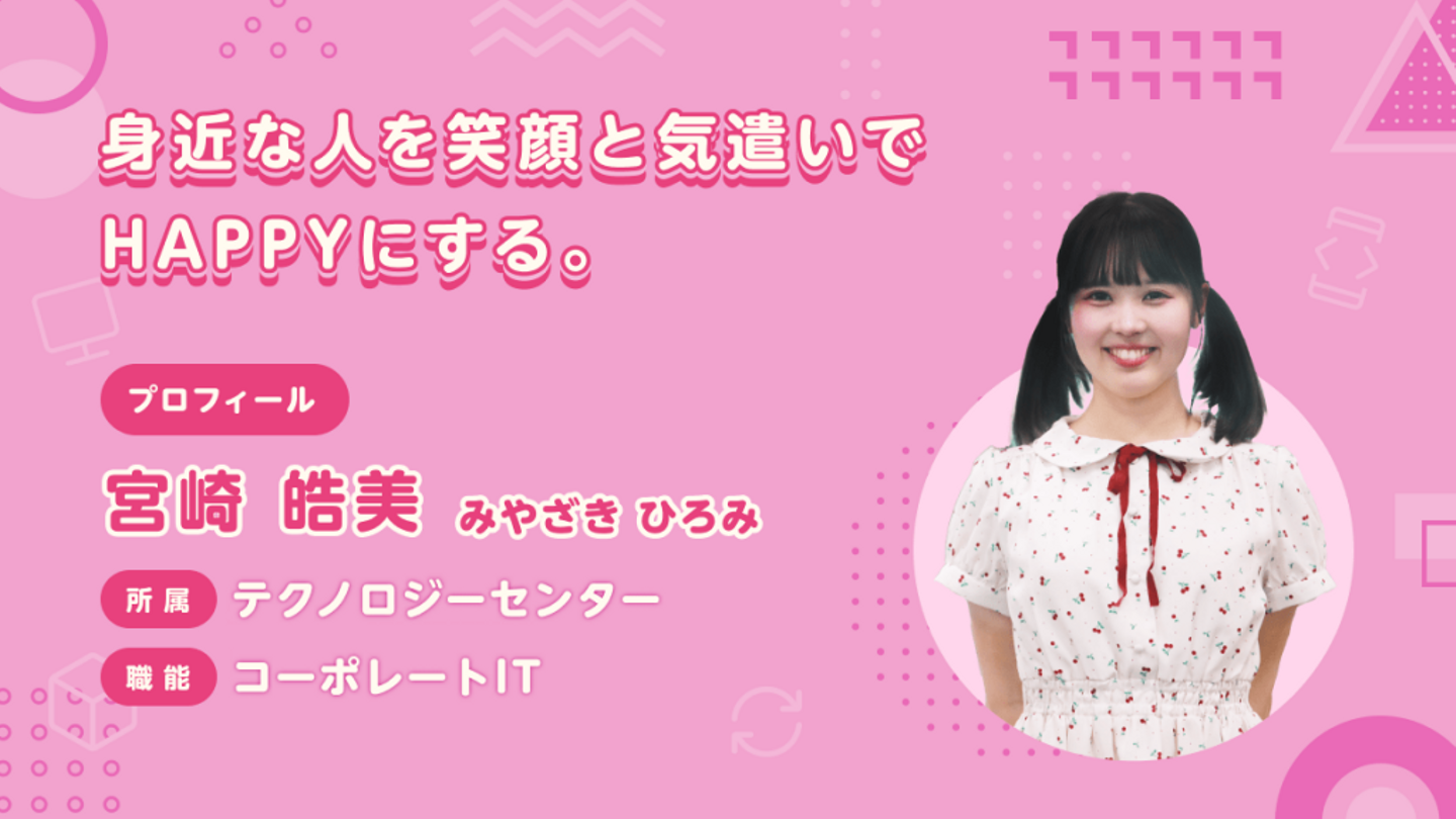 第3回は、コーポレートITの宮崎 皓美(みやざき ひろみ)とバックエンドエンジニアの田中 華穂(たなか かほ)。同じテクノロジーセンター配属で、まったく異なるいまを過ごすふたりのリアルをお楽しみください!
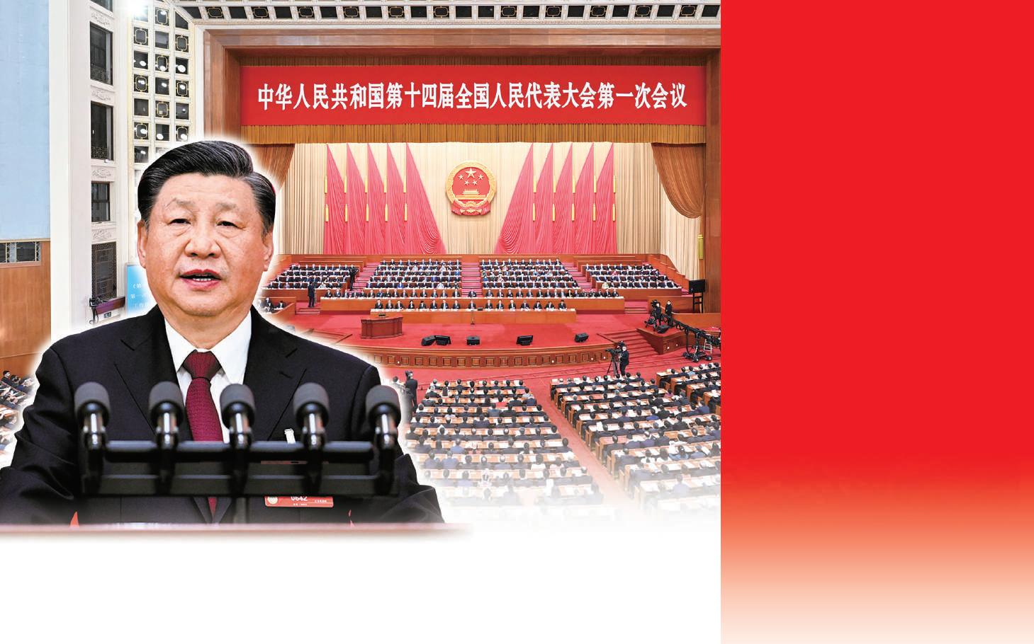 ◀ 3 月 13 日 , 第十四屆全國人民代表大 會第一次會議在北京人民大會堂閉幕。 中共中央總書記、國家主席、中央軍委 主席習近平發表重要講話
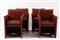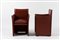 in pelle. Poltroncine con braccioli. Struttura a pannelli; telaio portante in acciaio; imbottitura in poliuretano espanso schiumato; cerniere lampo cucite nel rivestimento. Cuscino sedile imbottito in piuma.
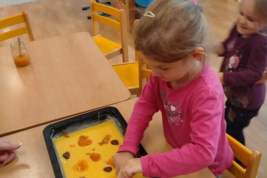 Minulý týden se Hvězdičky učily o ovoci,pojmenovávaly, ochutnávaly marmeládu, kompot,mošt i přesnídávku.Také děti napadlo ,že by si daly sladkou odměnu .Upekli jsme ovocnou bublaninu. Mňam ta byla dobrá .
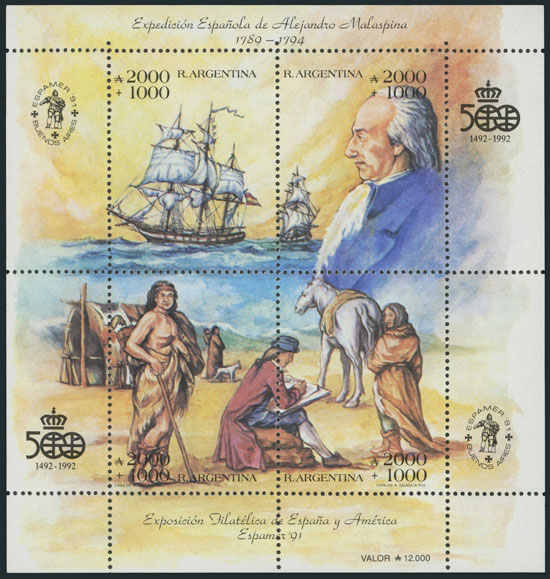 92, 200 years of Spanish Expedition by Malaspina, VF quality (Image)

******************************

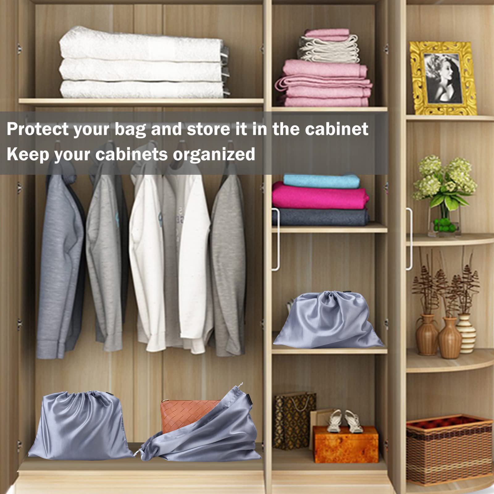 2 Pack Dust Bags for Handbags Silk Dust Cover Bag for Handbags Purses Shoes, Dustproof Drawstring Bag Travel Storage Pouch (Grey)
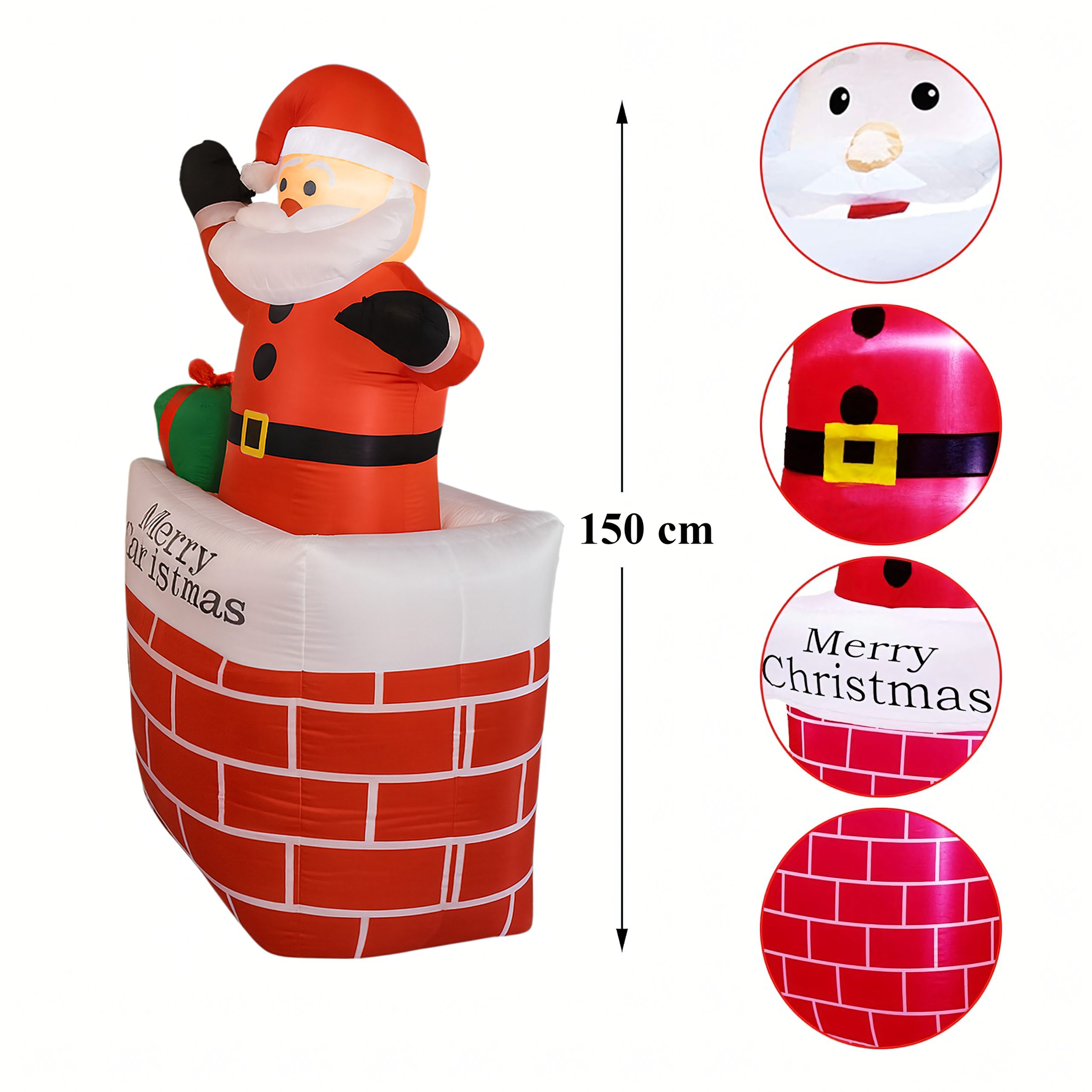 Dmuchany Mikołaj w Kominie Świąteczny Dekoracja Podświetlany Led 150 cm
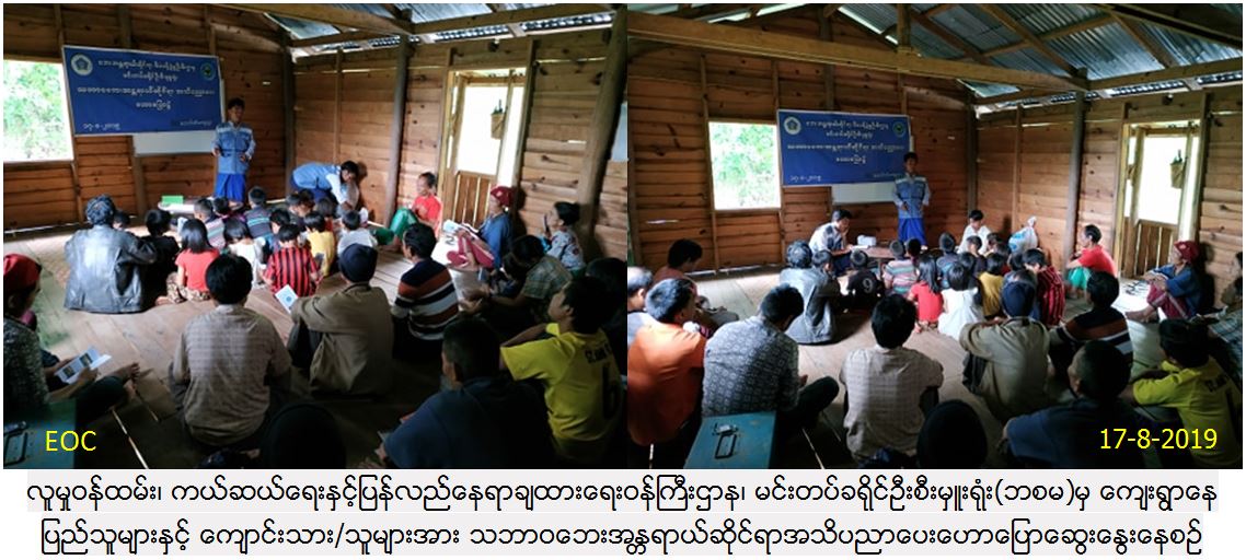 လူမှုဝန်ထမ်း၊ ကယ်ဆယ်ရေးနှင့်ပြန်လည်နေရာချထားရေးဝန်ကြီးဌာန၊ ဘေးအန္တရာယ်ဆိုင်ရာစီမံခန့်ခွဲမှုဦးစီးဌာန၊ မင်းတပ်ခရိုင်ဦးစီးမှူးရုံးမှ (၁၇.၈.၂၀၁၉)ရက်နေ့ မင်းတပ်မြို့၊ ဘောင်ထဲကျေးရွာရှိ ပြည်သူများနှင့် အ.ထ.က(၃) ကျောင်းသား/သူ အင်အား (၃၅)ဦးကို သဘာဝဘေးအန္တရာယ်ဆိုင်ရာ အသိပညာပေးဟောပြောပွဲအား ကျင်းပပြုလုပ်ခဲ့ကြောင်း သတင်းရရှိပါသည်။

******************************

- **Your instructions**:
Could the stretch from the line with "第3回は、コーポレートITの宮崎 皓美(みやざき ひろみ)とバックエンドエンジニアの田中" through the line with "92, 200 years" in the listing above be restated word for word, minus the pictures?

- **Answer box**:
 第3回は、コーポレートITの宮崎 皓美(みやざき ひろみ)とバックエンドエンジニアの田中 華穂(たなか かほ)。同じテクノロジーセンター配属で、まったく異なるいまを過ごすふたりのリアルをお楽しみください!
 ◀ 3 月 13 日 , 第十四屆全國人民代表大 會第一次會議在北京人民大會堂閉幕。 中共中央總書記、國家主席、中央軍委 主席習近平發表重要講話
 in pelle. Poltroncine con braccioli. Struttura a pannelli; telaio portante in acciaio; imbottitura in poliuretano espanso schiumato; cerniere lampo cucite nel rivestimento. Cuscino sedile imbottito in piuma.
 Minulý týden se Hvězdičky učily o ovoci,pojmenovávaly, ochutnávaly marmeládu, kompot,mošt i přesnídávku.Také děti napadlo ,že by si daly sladkou odměnu .Upekli jsme ovocnou bublaninu. Mňam ta byla dobrá .
 92, 200 years of Spanish Expedition by Malaspina, VF quality (Image)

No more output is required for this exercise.